Театры обходятся без декораций, актеры не гримируются и выходят играть принца Гамлета в свитере, джинсах и кроссовках, а королеву Викторию — в мини-юбке и чулках со стрелкой.
Такое уже бывало, в прошлом веке, когда Таиров и Мейерхольд экспериментировали с таким сатанинским усердием, что доигрались до ильфпетровских и булгаковских пародий, а Всеволод Эмильевич — ещё и до чрезвычайной тройки.
Тройка — это, конечно, слишком, но выпороть Всеволода Эмильевича тогда не мешало бы. А заодно и Таирова… Хотя, возможно, оба режиссера уходили в абсурд и экспериментирование, чтобы не видеть того, чего им видеть не хотелось…
Почему-то вспомнился Михаил Михайлович Яншин в роли Земляники. Там, у Гоголя, в четвертом действии есть сцена: Хлестаков, освоившись с ролью чиновника из Петербурга, интересуется у Земляники: "Вы, как будто, вчера были ниже ростом".
Яншин слегка и почти незаметно (вот он уровень, класс и чувство благородной меры!) приседает и с готовностью отвечает: "Очень может быть". И всем всё было ясно! Сыграно гениально, филигранно, точно!
Как же сейчас на театре обыгрывают этот эпизод? Актер, играющий роль Земляники, после вопроса Хлестакова просто садится на пол.
Это вызывает в зале гомерический хохот. Вот вам уровень. Если бы он присел на сантиметр, как это делал Михаил Михайлович Яншин, никто бы из нынешней публики этого не заметил. Сегодняшняя публика не в силах реагировать на тонкую шутку. Ей подавай фарс и окопный юмор.
Как писать для такой публики? А ведь Рафу нужно понимание, признание, слава.
Слава…
Герострат с детства захватил воображение Рафа. О, он вовсе не был полоумным, этот древний поджигатель!
"В школе учителя утверждали, что Герострат безумен, а его попытка прославиться, спалив храм, является выдающимся примером клинического идиотизма… Но ведь прославился же! Он сделал так, как хотел. Никто не хочет видеть очевидного. Герострат наметил человечеству пути отхода не от славы, а от тщеславия.

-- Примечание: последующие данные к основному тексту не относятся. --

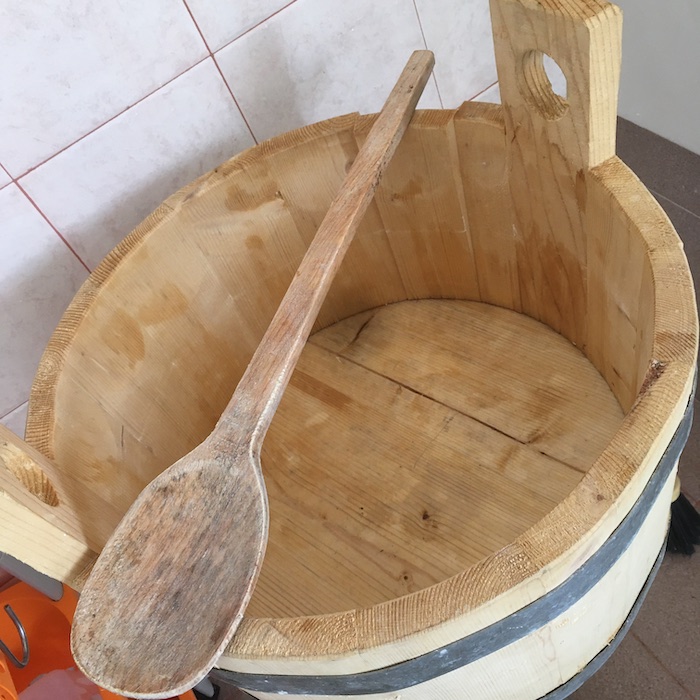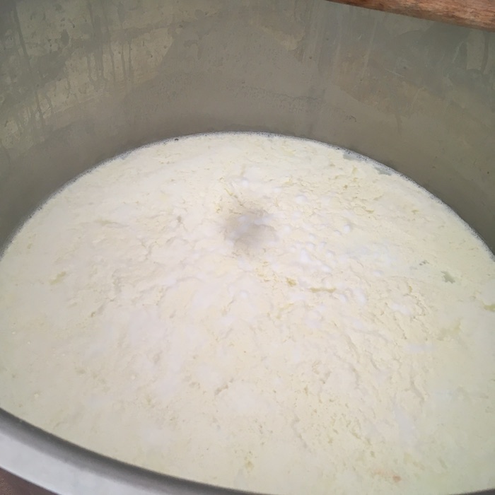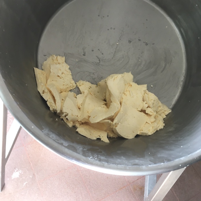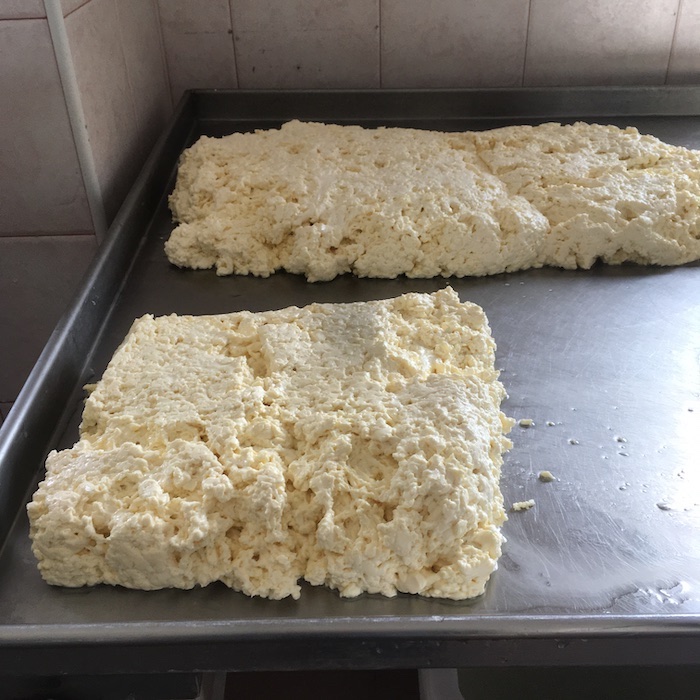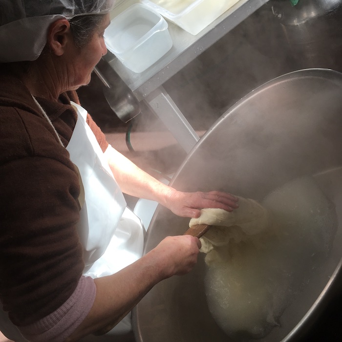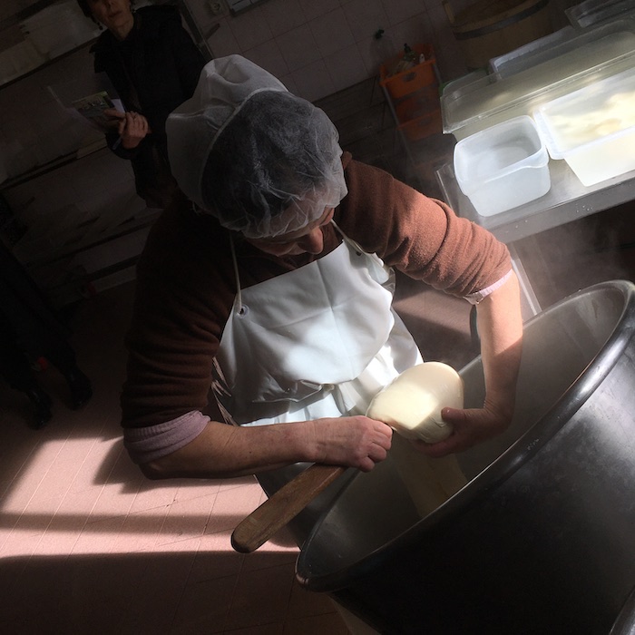 Arriviamo con il gruppo di giornalisti organizzato dal Gal Maiella Verde e Slow Food Lanciano, e troviamo la signora Annarita che già filava la cagliata acidificata con il siero innesto, un metodo tradizionale che ormai non si utilizza quasi più. In Puglia è utilizzato per la produzione delle Mozzarelle Dop a Gioia del Colle.
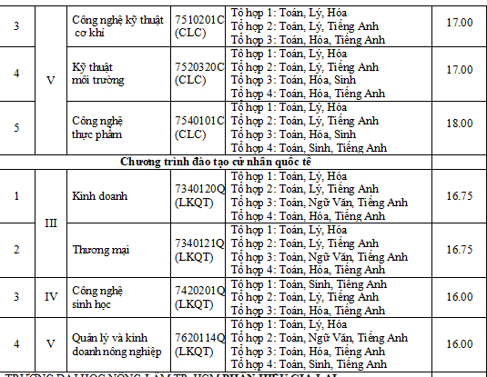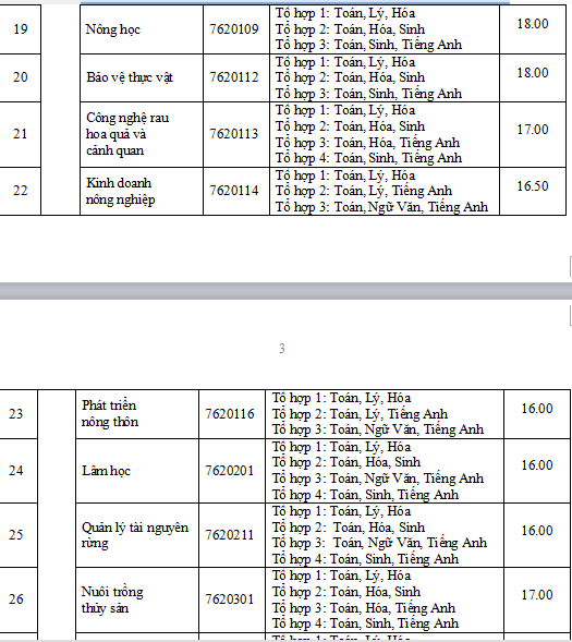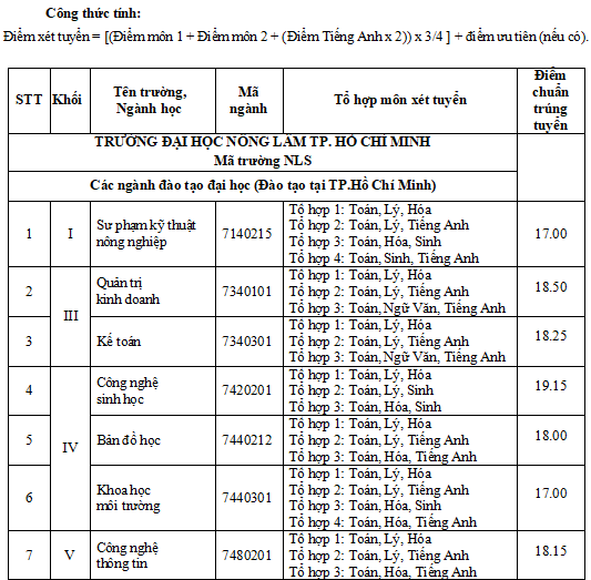 Cụ thể, trường đại học Nông lâm TPHCM có điểm chuẩn dao động từ 16- 20 điểm. Còn tại 2 phân hiệu khác ở Gia Lai và Ninh Thuận, điểm chuẩn là 15 điểm cho tất cả các ngành.

Своим великим поступком, сожжением громоздкого храма Артемиды, он предупредил человечество о том, что путь к славе всегда порочен — даже тогда, когда человеком руководит не гордыня, а стремление к истине.
Если усложнить мысль, то получится, что Герострат сжёг не храм, а себя. А это вернейший признак творческого человека, всего себя отдающего любимому делу или идее. Был ли он дураком? Наверно, всё-таки был. Стал бы умный это делать — поджигать — сам…"
Раф всегда страдал оттого, что его не понимают. Вот и сегодня…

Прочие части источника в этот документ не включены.